We have one data file inside **/data** directory. I'll read the same using the `h5py` package.

In [2]:
dataset = h5py.File('data/gpm_jan_2020.HDF5', 'r')

## Explore dataset

Once the dataset is loaded in, it acts like a Python dictionary. So, we'll start by looking at the various key value pairs and based on them, identify all the values we want to keep.

In [3]:
dataset.keys()

<KeysViewHDF5 ['Grid']>

It appears the HDF5 file has a **Grid** inside it. So, let's see the key value pairs inside it.

In [4]:
grid = dataset['Grid']
grid.keys()

<KeysViewHDF5 ['nv', 'lonv', 'latv', 'time', 'lon', 'lat', 'time_bnds', 'lon_bnds', 'lat_bnds', 'precipitation', 'randomError', 'gaugeRelativeWeighting', 'probabilityLiquidPrecipitation', 'precipitationQualityIndex']>

We observe that there are a lot of values in this data file. Here, I'm most interested in the `lon`, `lat` and `precipitation` values. Let's take a brief look at them.

### Longitude

In [5]:
print("Longitude data: {}".format(grid['lon']))
print("Longitude data attributes: {}".format(list(grid['lon'].attrs)))

Longitude data: <HDF5 dataset "lon": shape (3600,), type "<f4">
Longitude data attributes: ['DimensionNames', 'Units', 'units', 'standard_name', 'LongName', 'bounds', 'axis', 'CLASS', 'REFERENCE_LIST']


The shape indicates that `longitude` has 3600 values. From the attributes, I'll yse the `standard_name` and the `units`.

In [15]:
print("Name: {}".format(grid['lon'].attrs['standard_name'].decode()))
print("Unit: {}".format(grid['lon'].attrs['units'].decode()))

Name: longitude
Unit: degrees_east


### Latitude

In [16]:
print("Latitude data: {}".format(grid['lat']))
print("Latitude data attributes: {}".format(list(grid['lat'].attrs)))

Latitude data: <HDF5 dataset "lat": shape (1800,), type "<f4">
Latitude data attributes: ['DimensionNames', 'Units', 'units', 'standard_name', 'LongName', 'bounds', 'axis', 'CLASS', 'REFERENCE_LIST']


The shape indicates that `latitude` has 1800 values.

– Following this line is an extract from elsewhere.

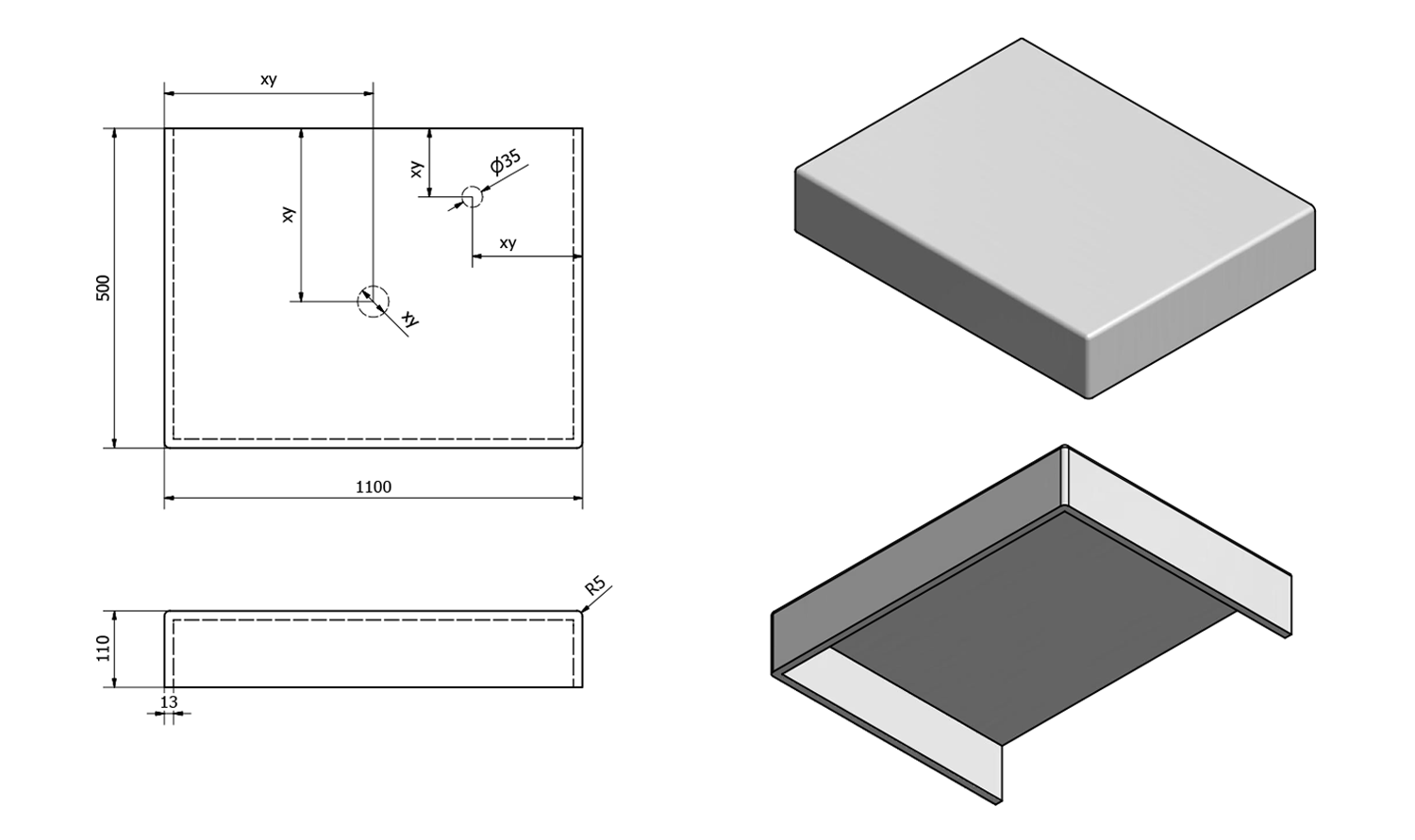 - Možnost dodání s otvory pro baterii a odpad dle výkresu (lze vrtat i v místě instalace)

From the attributes, I'll yse the `standard_name` and the `units`.

In [17]:
print("Name: {}".format(grid['lat'].attrs['standard_name'].decode()))
print("Unit: {}".format(grid['lat'].attrs['units'].decode()))

Name: latitude
Unit: degrees_north


### Precipitation

In [18]:
print("Precipitation data: {}".format(grid['precipitation']))
print("Precipitation data attributes: {}".format(list(grid['precipitation'].attrs)))

Precipitation data: <HDF5 dataset "precipitation": shape (1, 3600, 1800), type "<f4">
Precipitation data attributes: ['DimensionNames', 'Units', 'units', 'coordinates', '_FillValue', 'CodeMissingValue', 'DIMENSION_LIST']

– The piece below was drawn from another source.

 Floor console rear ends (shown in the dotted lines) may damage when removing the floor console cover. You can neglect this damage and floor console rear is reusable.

The shape shows that it is a 3-dimensional array. The values order 3600-1800 implies that we have 6480000 (3600\*1800) precipitation values. For each combination of longitude and latitude, we get a value of precipitation. I'll also use the `units` attrbiute here.

In [20]:
print("Unit: {}".format(grid['precipitation'].attrs['units'].decode()))

Unit: mm/hr